Murray has started every game at corner as a sophomore and junior. He thrives in press-man coverage, but rarely plays zone. His ball skills once the pass is in the air need to improve. My guess right now would be a second- or third-round guy, who could go higher with a good senior season.
Briean Boddy-Calhoun, CB (senior): Boddy-Calhoun was a JUCO transfer to Minnesota, played as a sophomore and then tore his ACL in the second game of his junior season. He received a medical redshirt and had an outstanding junior year in 2014 with 5 interceptions (plus a sixth on a two-point conversion) and nine pass breakups. He has good speed and athleticism with a knack for big plays in big games (interceptions against TCU, Missouri, Iowa and a key forced fumble to secure a win at Nebraska). He's got good speed and athleticism but lacks ideal height.

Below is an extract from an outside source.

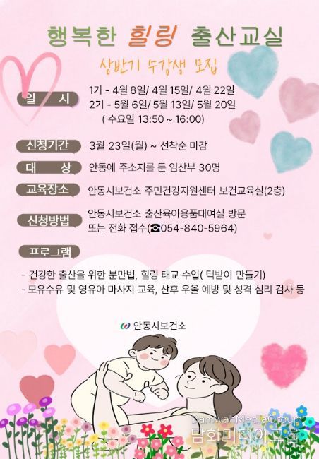 안동시 관계자는 “실습 중심 프로그램과 체계적인 정보 제공을 통해 임산부의 출산 불안을 줄이고 건강한 출산을 지원할 것”이라며 “앞으로도 아이 낳고 키우기 좋은 환경 조성을 위해 모자보건 서비스를 지속 확대해 나가겠다”고 밝혔다.

Iowa - Black Heart Gold Pants
(Analysis by Ross Binder)
Austin Blythe, OL (senior): Blythe is Iowa's most experienced starter on the offensive line, a four-year starter when healthy. That sort of experience and productivity is basically catnip for the NFL, but the fact that he's an interior lineman rather than a potential tackle will probably depress his stock somewhat. On the bright side, he has experience at both center and guard.
Drew Ott, DL (senior): Along with Blythe, Ott is probably Iowa's best shot at having a player drafted next year. He's a multi-year starter on the defensive line and was an All-Big Ten (second team) performer a year ago. If his senior season is as good or better than his junior year, I'd be shocked if his name wasn't called in one of the middle rounds of the draft. Like some of his Iowa predecessors (Mitch King, Karl Klug), his biggest problem is that he's a bit of a tweener at 6-4, 272 pounds.
Purdue - Hammer and Rails
(Analysis by Travis Miller)
Frankie Williams, CB (senior): Williams is likely the best player on the defense, a second team All-Big Ten selection last year. He excelled as a punt returner. This will be his fourth season as a starter. He will leave Purdue with over 200 tackles and will probably have more than 10 interceptions. If he gets to 12, that would be third all-time at Purdue (he currently has seven).
Robert Kugler, C, (senior): Kugler’s father is the former offensive line coach for the Steelers and the current head coach at UTEP. One of the most consistent linemen in the Big Ten, he's entering his fourth year as a starter. He's had to be the anchor for an offensive line that has been completely rebuilt over the last three seasons.